EduStudio

In EduStudio, we adopt a flexible CSV (Comma-Separated Values) file format following Recbole. The flexible CSV format is defined in middata stage of dataset (see Dataset Stage Protocol for details).

The Middle Data Format Protocol including two parts: Columns name Format and Filename Format.

Columns Name Format

feat_type	Explanations	Examples
token	single discrete feature	exer_id, stu_id
token_seq	discrete features sequence	knowledge concept seq of exercise
float	single continuous feature	label, start_timestamp
float_seq	continuous feature sequence	word2vec embedding of exercise

Filename format

So far, there are five atomic files in edustudio.

Note: Users could also load other types of data except the three atomic files below. {dt} is the dataset name.

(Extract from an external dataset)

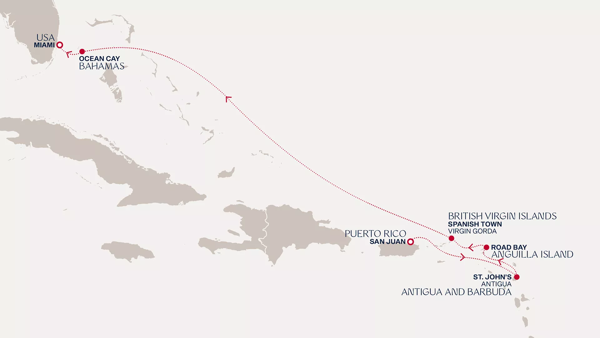 From the bustling streets and ancient forts of San Juan, set sail for adrenaline-fuelled adventure in St. John’s dazzling nature. Explore the secluded corners of Anguilla, then discover the lush scenery and serene beaches of Virgin Gorda. Bask in luxurious serenity on board as we drift to the soothing paradise of Ocean Cay, where pastel-hued buildings and luscious lagoons await. We complete our voyage as iconic South Beach sweeps into view and we salsa, shop, and savour the Miami dream.

filename format	description
{dt}.inter.csv	Student-Exercise Interaction data
{dt}.train.inter.csv	Student-Exercise Interaction data for training set
{dt}.valid.inter.csv	Student-Exercise Interaction data for validation set
{dt}.test.inter.csv	Student-Exercise Interaction data for test set
{dt}.stu.csv	Features of students
{dt}.exer.csv	Features of exercises

Example

example_dt.inter.csv

stu_id:token	exer_id:token	label:float
0	1	0.0
1	0	1.0

example_dt.stu.csv

stu_id:token	gender:token	occupation:token
0	1	11
1	0	7

example_dt.exer.csv

exer_id:token	cpt_seq:token_seq	w2v_emb:float_seq
0	[0, 1]	[0.121, 0.123, 0.761]
1	[1, 2, 3]	[0.229, -0.113, 0.138]